This project focuses on predicting student academic performance using multiple machine learning regression models. The target variable is the final grade (G3), predicted using academic, demographic, family, and lifestyle-related features.
The objective is to analyze, compare, and optimize different regression models through systematic preprocessing and hyperparameter tuning, and identify the most effective model for accurate grade prediction.
Student performance is influenced by a wide range of factors such as:
- Previous academic scores
- Family background
- Study habits
- Social and lifestyle attributes
Accurately predicting final performance can help educational institutions:
- Identify at-risk students early
- Design targeted academic interventions
- Improve overall learning outcomes
This project addresses the question:
Which machine learning regression model best predicts student performance, and how much improvement can be achieved through hyperparameter tuning?

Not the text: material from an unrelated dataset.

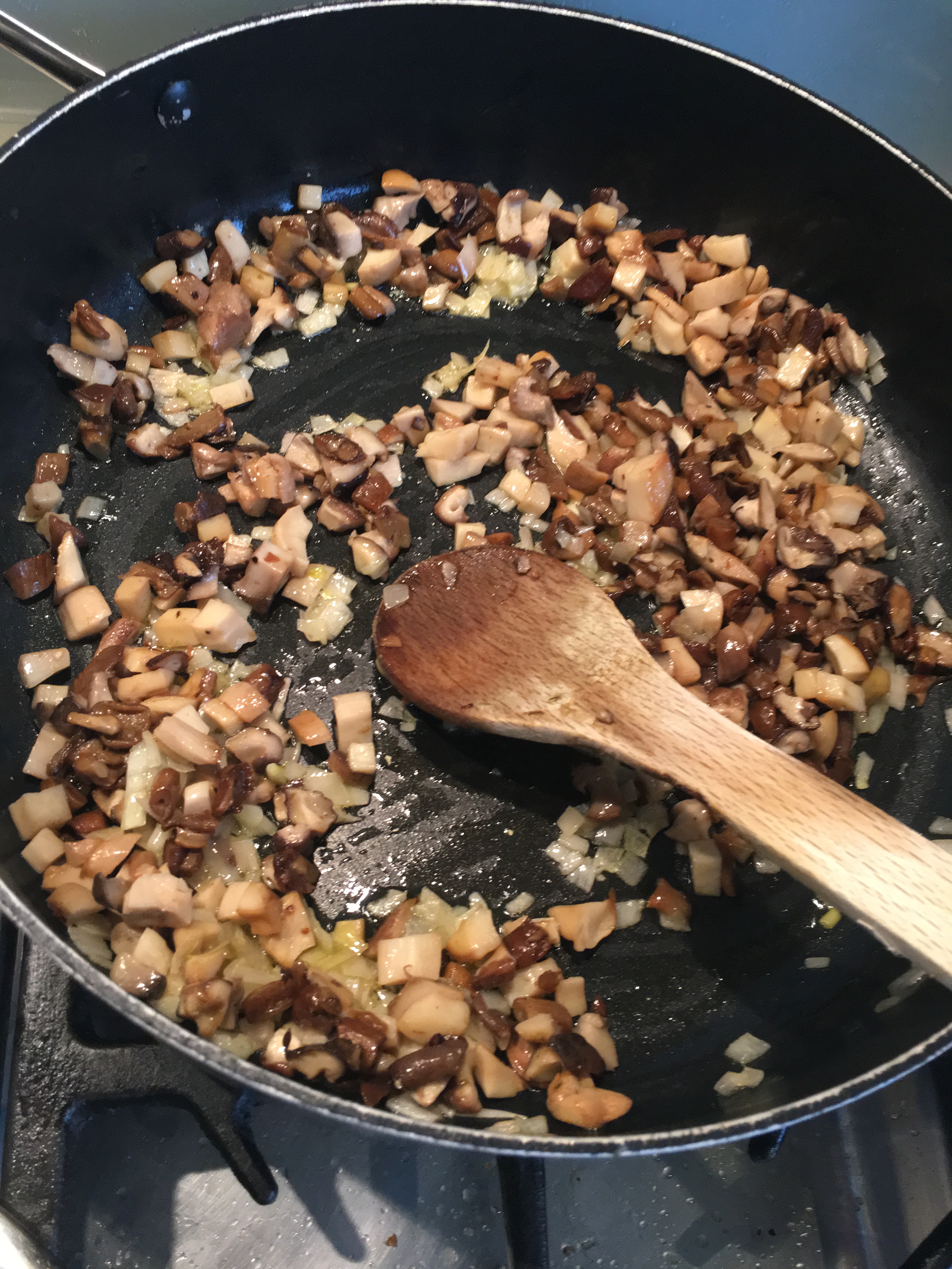 Risotto aux asperges blanches et champignons de Bruxelles (shiitake, eryngii et nameko)

- Dataset: Student Performance Dataset (student-mat.csv)
- Total samples: 395
- Total features: 33
- Target variable: Final grade (G3)
- No missing values
The dataset contains a mix of numerical and categorical features, including:
- Academic scores (G1, G2)
- Family background
- Study time and failures
- Health, absences, and lifestyle indicators
-
Categorical features converted to numerical values using Label Encoding
-
Feature scaling performed using StandardScaler
-
Dataset split into training and testing sets (80:20 split)
-
Exploratory analysis performed using:
- Correlation matrix
- Scatter matrix visualization
The following regression models were implemented and evaluated:
- Linear Regression
- Support Vector Regression (RBF Kernel)
- Random Forest Regressor
- AdaBoost Regressor
- Gradient Boosting Regressor
- Decision Tree Regressor
To improve model performance, extensive tuning was performed using:
- GridSearchCV
- RandomizedSearchCV
Key tuned parameters included:
- Regularization strength and kernel parameters (SVR)
- Number of estimators, depth, and feature selection (Tree-based models)
- Learning rate and ensemble size (Boosting models)
- R² Score was used as the primary evaluation metric
- Higher R² indicates better explanatory power and prediction accuracy
| Model | R² Score |
|---|---|
| Linear Regression | 0.75 |
| SVR (RBF Kernel) | 0.79 |
| Random Forest Regressor | 0.83 |
| AdaBoost Regressor | 0.83 |
| Gradient Boosting Regressor | 0.81 |
| Decision Tree Regressor | 0.85 |
Best performing model: Decision Tree Regressor (after hyperparameter tuning)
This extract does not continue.